### Work to complete
Extract each line of the material that follows exactly and omit its pictures.

### Source data
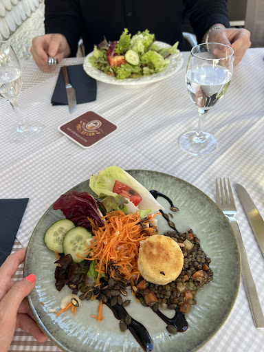 Wir hatten einen Salat mit Maultaschenstreifen als Vorspeise, welcher sehr lecker mariniert war. Danach als Hauptgang den Zwiebelrostbraten. Die Soße und die Käsespätzle waren hervorragend, das Fleisch jedoch durchwachsen und knorpelig. Meine Frau konnte einen Teil nicht essen. Bei 36.- € für einen Zwiebelrostbraten (bei welchem das Fleisch der Hauptdarsteller ist) darf das nicht passieren. Wenn ich andere Bewertungen ansehe, dann ist das kein Einzelfall.
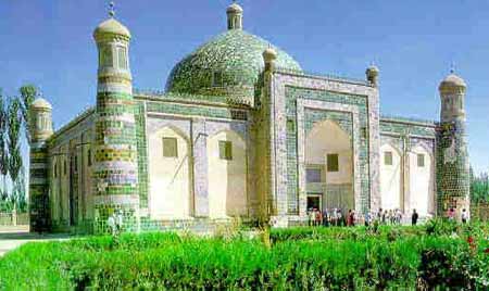 香妃墓,在城东北5公里处,周围池水如镜,绿树参天,塔楼辉映,画柱雕梁,是座独具一格的维吾尔式古建筑。它的顶部,如倒扣的铁锅,下边却是方方正正,外表全为湛蓝、碧绿、金黄各色琉璃砖瓦镶砌。远远望去,五彩斑斓,耀眼夺目,宛若一座宏伟高大的宫殿。在一本游记中,曾作过这样的描写:“妃陵位于(喀什噶尔)东北隅,上圆下方,墙皆绿色花砖……宏敞壮丽,胜哈密回王陵寝数倍。中有坟墓数十,层叠环列。询守墓人阿浑,香妃何在,皆莫能对。惟谓大者男坟,小者女坟,皆香妃亲属。”
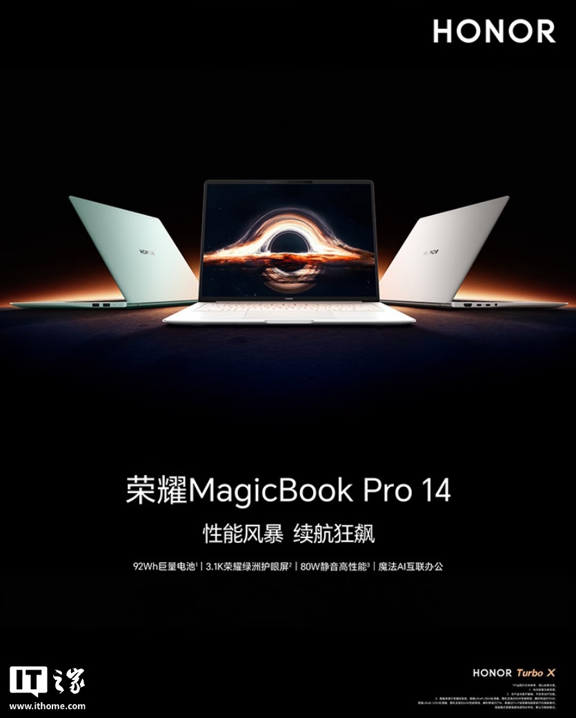 荣耀 MagicBook Pro 14 笔记本发布于今年 2 月,该款笔记本搭载酷睿 Ultra 9 / 5 处理器,拥有 Touch / 非 Touch 版本,内置 92Wh 电池,提供双 2280 SSD 槽。MagicBook Pro 14 还配备 14.6 英寸 3120*2080 分辨率 OLED 屏(比例 3:2),提供 HONOR Turbo X 全域资源调度。
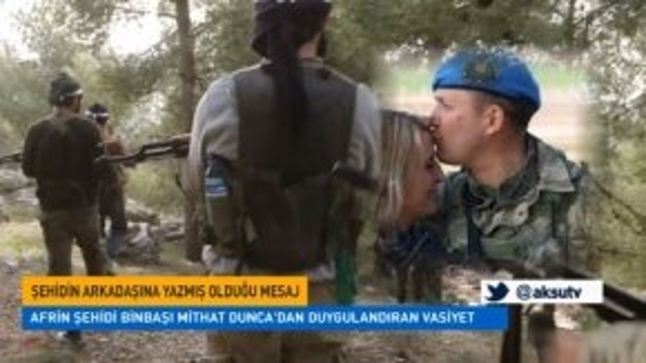 Türkiye Afrin Şehidi Binbaşı Mithat Dunca'dan Duygulandıran Vasiyet 20.03.2018 - 20:28 20.03.2018 - 20:28 Loading... Abone Ol Afrin Şehidi Binbaşı Mithat Dunca'NIN Vasiyeti Duygulandırıldı. Gelişmelerden haberdar olmak istiyor musunuz? Google News’te Aksu Tv Haber sitemize abone olun. Abone Ol
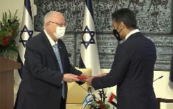 السفير الإماراتي الأول لدى كيان الاحتلال الاسرائيلي محمد محمود آل خاجة يقدم أوراق اعتماده للرئيس رؤوفين ريفلين
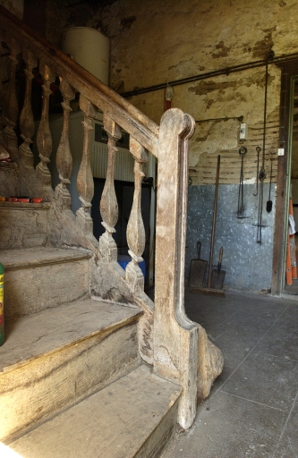Logis ; vue intérieure ; arrière cuisine, rampe d'escalierImmatriculation

### Answer below
 Wir hatten einen Salat mit Maultaschenstreifen als Vorspeise, welcher sehr lecker mariniert war. Danach als Hauptgang den Zwiebelrostbraten. Die Soße und die Käsespätzle waren hervorragend, das Fleisch jedoch durchwachsen und knorpelig. Meine Frau konnte einen Teil nicht essen. Bei 36.- € für einen Zwiebelrostbraten (bei welchem das Fleisch der Hauptdarsteller ist) darf das nicht passieren. Wenn ich andere Bewertungen ansehe, dann ist das kein Einzelfall.
 香妃墓,在城东北5公里处,周围池水如镜,绿树参天,塔楼辉映,画柱雕梁,是座独具一格的维吾尔式古建筑。它的顶部,如倒扣的铁锅,下边却是方方正正,外表全为湛蓝、碧绿、金黄各色琉璃砖瓦镶砌。远远望去,五彩斑斓,耀眼夺目,宛若一座宏伟高大的宫殿。在一本游记中,曾作过这样的描写:“妃陵位于(喀什噶尔)东北隅,上圆下方,墙皆绿色花砖……宏敞壮丽,胜哈密回王陵寝数倍。中有坟墓数十,层叠环列。询守墓人阿浑,香妃何在,皆莫能对。惟谓大者男坟,小者女坟,皆香妃亲属。”
 荣耀 MagicBook Pro 14 笔记本发布于今年 2 月,该款笔记本搭载酷睿 Ultra 9 / 5 处理器,拥有 Touch / 非 Touch 版本,内置 92Wh 电池,提供双 2280 SSD 槽。MagicBook Pro 14 还配备 14.6 英寸 3120*2080 分辨率 OLED 屏(比例 3:2),提供 HONOR Turbo X 全域资源调度。
 Türkiye Afrin Şehidi Binbaşı Mithat Dunca'dan Duygulandıran Vasiyet 20.03.2018 - 20:28 20.03.2018 - 20:28 Loading... Abone Ol Afrin Şehidi Binbaşı Mithat Dunca'NIN Vasiyeti Duygulandırıldı. Gelişmelerden haberdar olmak istiyor musunuz? Google News’te Aksu Tv Haber sitemize abone olun. Abone Ol
 السفير الإماراتي الأول لدى كيان الاحتلال الاسرائيلي محمد محمود آل خاجة يقدم أوراق اعتماده للرئيس رؤوفين ريفلين
Logis ; vue intérieure ; arrière cuisine, rampe d'escalierImmatriculation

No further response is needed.